The Federal Reserve kept the target range for the federal funds rate unchanged at 5.25%-5.50% for the eighth consecutive time, and reiterated that it would not cut interest rates until it had greater confidence in inflation, saying that the committee would pay attention to both inflation and employment risks.
Full text of interest rate decision
Recent indicators suggest that economic activity continues to expand at a solid pace. Job gains have moderated somewhat and the unemployment rate has increased somewhat but remains low. Inflation has eased somewhat over the past year but remains somewhat elevated. In recent months, the Committee has made some further progress toward its 2 percent inflation objective.
The Committee is committed to achieving maximum employment and 2 percent inflation over the longer run. The Committee judges that the risks to achieving its employment and inflation goals are becoming more balanced. The economic outlook is uncertain, and the Committee is mindful of risks to its dual mandate.

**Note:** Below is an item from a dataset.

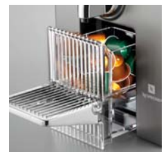
Grosser Kapselauffangbehälter, Fassungsvermögen 14 Kapseln

To support its goals, the Committee decided to maintain the target range for the federal funds rate at 5-1/4 to 5-1/ 2 percent. In considering any adjustments to the target range for the federal funds rate, the Committee will carefully assess emerging data, the changing outlook, and the balance of risks. The Committee does not believe it would be appropriate to lower the target range until confidence increases that inflation is moving toward its 2 percent goal on a sustained basis. In addition, the Committee will continue to reduce its holdings of Treasury securities, agency debt, and agency mortgage-backed securities. The Committee is strongly committed to returning inflation to its 2 percent goal.
In assessing the appropriate stance of monetary policy, the Committee will continue to monitor the implications of incoming information for the economic outlook. If risks emerge that could impede the Committee's achievement of its goals, the Committee will be prepared to adjust the stance of monetary policy as appropriate. The Committee's assessments will take into account a wide range of information, including labor market conditions, inflation pressures and inflation expectations, and financial and international developments.
Voting in favor of this monetary policy action were: Jerome H. Powell, Chairman; John C. Williams, Vice Chairman; Thomas I. Barkin; Michael S. Barr; Raphael W. Bostic; Michelle W. Bowman; Lisa D. Cook; Mary C. Daly; Austan D. Goolsbee; Philip N. Jefferson; Adriana D. Kugler; and Christopher J. Waller. Austan D. Goolsbee voted as an alternate member at this meeting.